### [Provided entries]
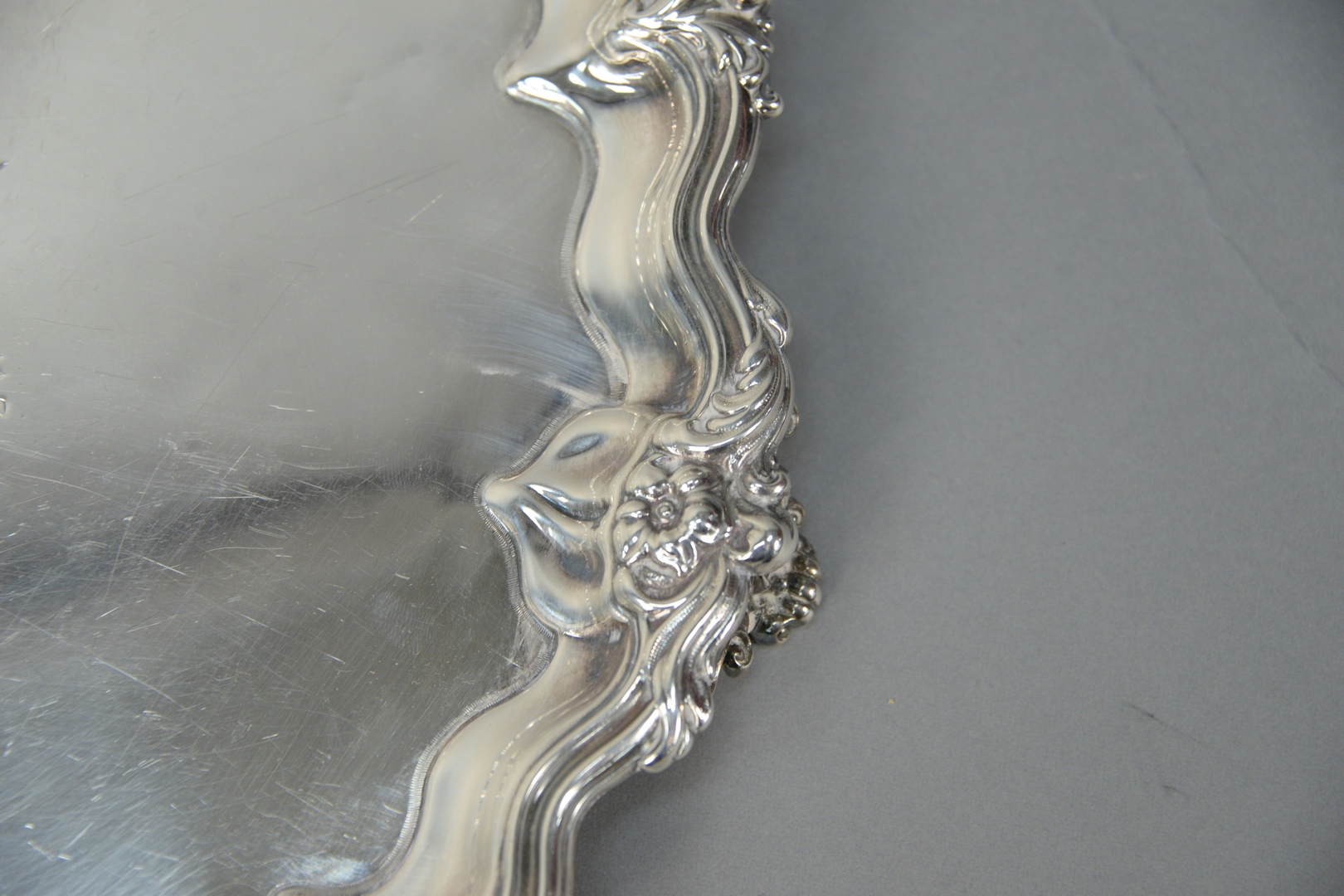 Lot 249: Walker & Hall English Silver Salver having wavy edge with flowers, set on scrolled feet, marked Walker & Hall, Sheffield, England on…
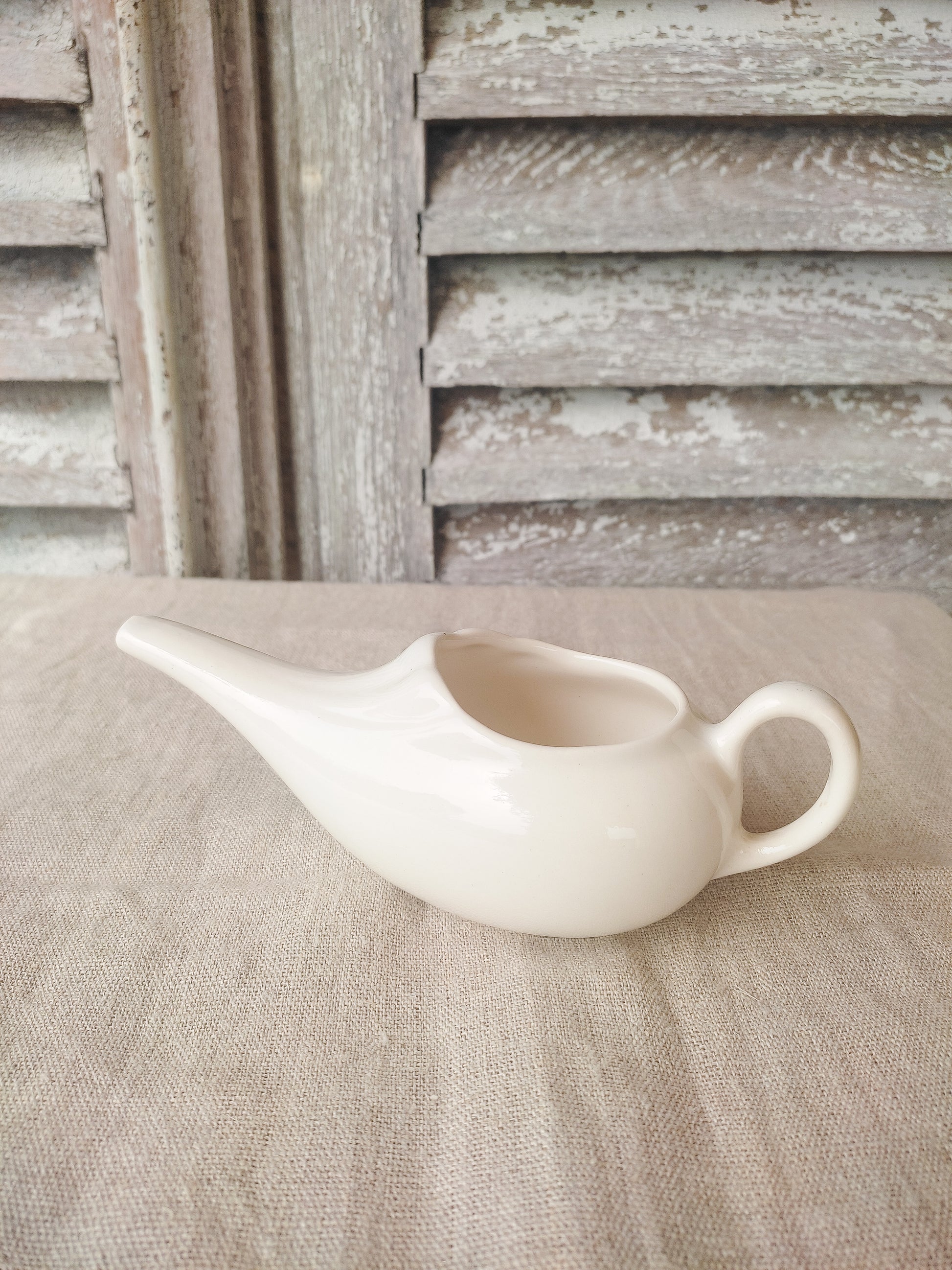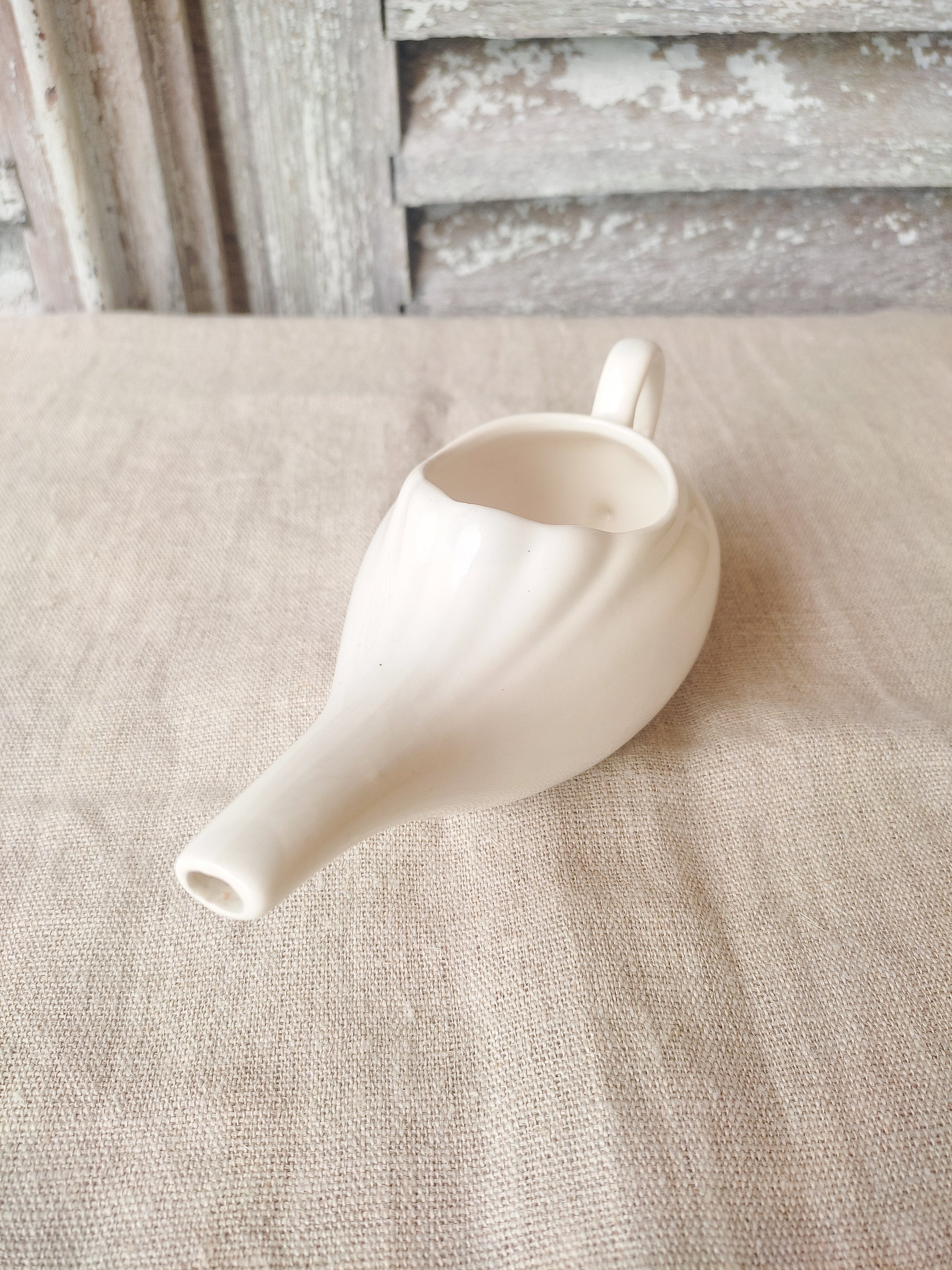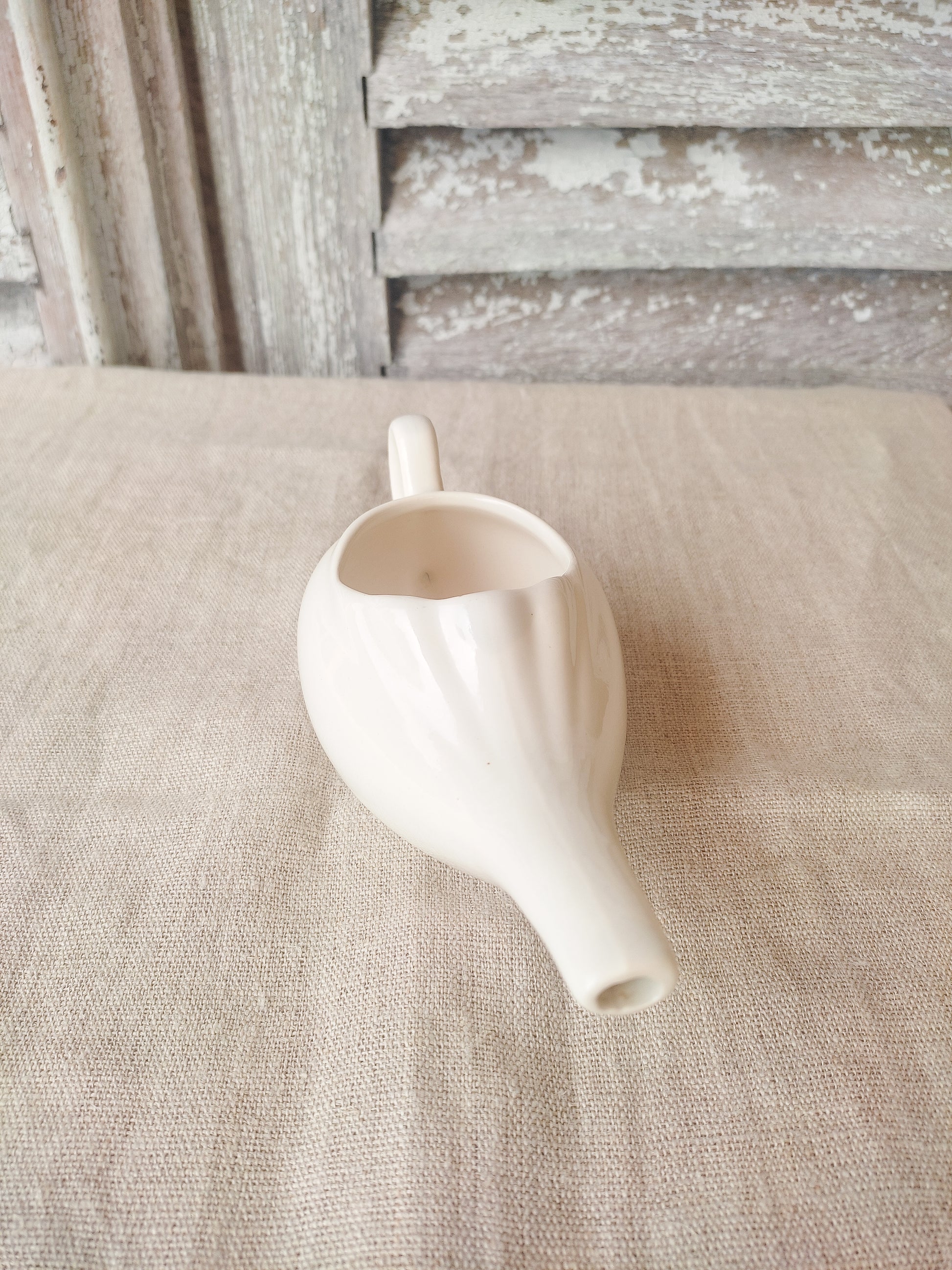 Biberon ou canard de malade ancien en faïence blanche.
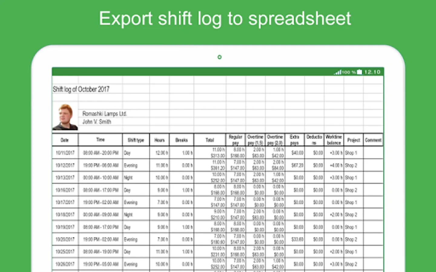 Timesheets can be exported to the spreadsheet and shared with employer.
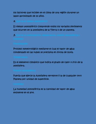 Las zonas polares se refieren a las áreas al norte y sur de los círculos polares ártico y antártico. La primavera y el verano son estaciones templadas del año, mientras que el clima se refiere al estado medio atmosférico de una región durante 30 años. El tiempo atmosférico incluye fenómenos como la precipitación, la temperatura, la presión atmosférica y la humedad.
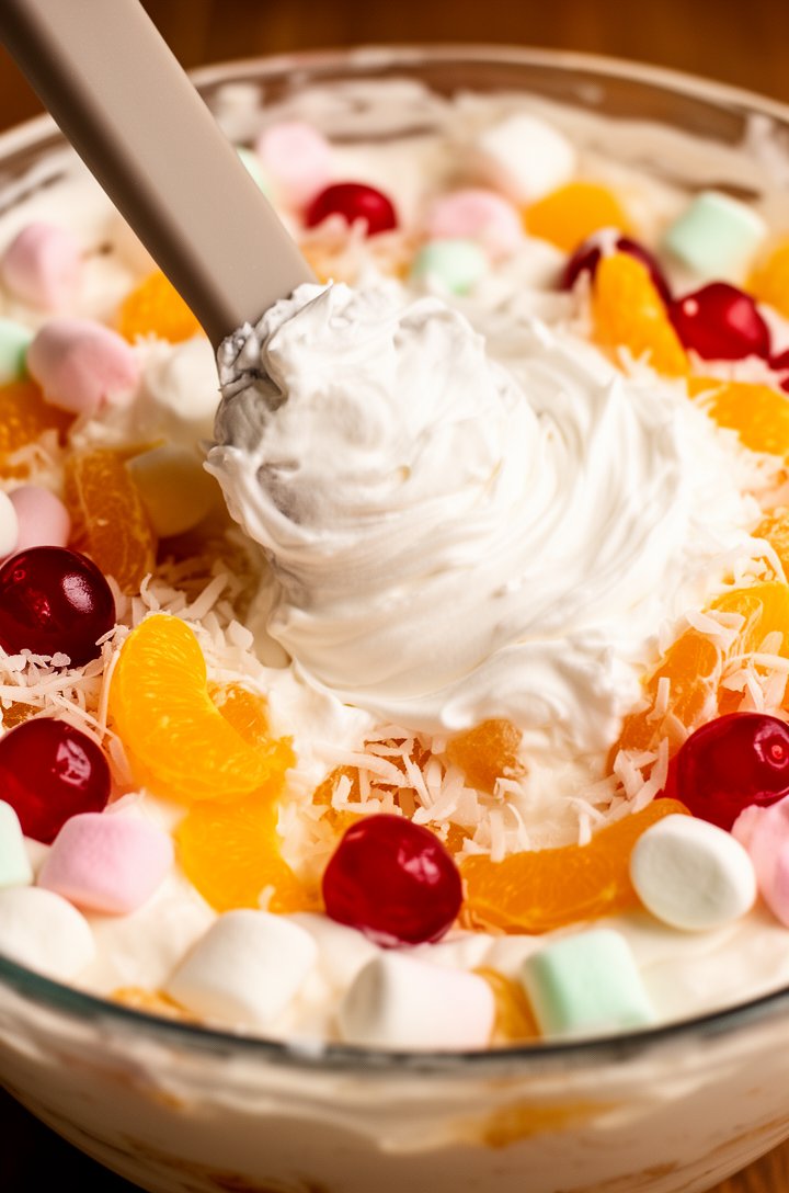 This classic ambrosia salad is the fluffy, fruity dessert salad that belongs at every potluck, holiday dinner, and summer cookout. Made with real whipped cream instead of store-bought topping, it's lighter, fresher, and miles better than anything from a tub.
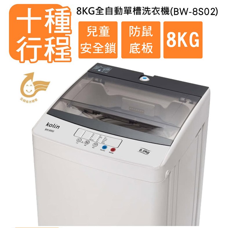 Kolin歌林 8KG全自動單槽洗衣機BW-8S02(基本運送至一樓)
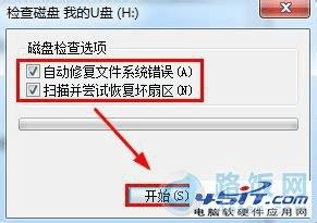 3、然后勾选“自动修复文件系统错误”和“扫描并尝试恢复坏扇区”两项,点击“开始”按钮,进行U盘修复。
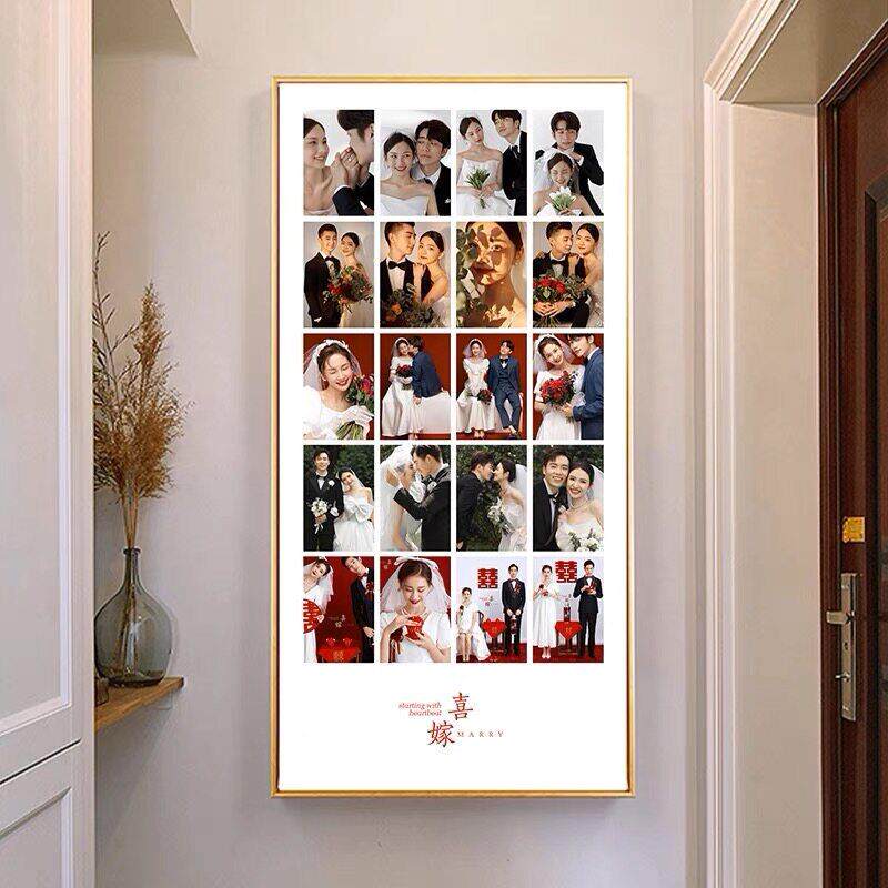 多宫格婚纱照相框放大挂墙照相馆高端结婚洗照片精修定制玄关画由
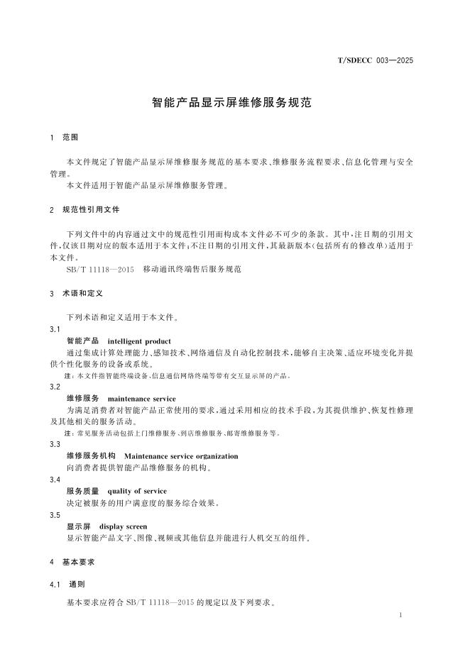 T/SDECC 003-2025 智能产品显示屏维修服务规范

### [What you are asked to do]
Only the lines from the start of the records above through the line containing "Timesheets can be" should be returned, exactly and with both ends, please; the pictures stay out.

### [Task response]
 Lot 249: Walker & Hall English Silver Salver having wavy edge with flowers, set on scrolled feet, marked Walker & Hall, Sheffield, England on…
 Biberon ou canard de malade ancien en faïence blanche.
 Timesheets can be exported to the spreadsheet and shared with employer.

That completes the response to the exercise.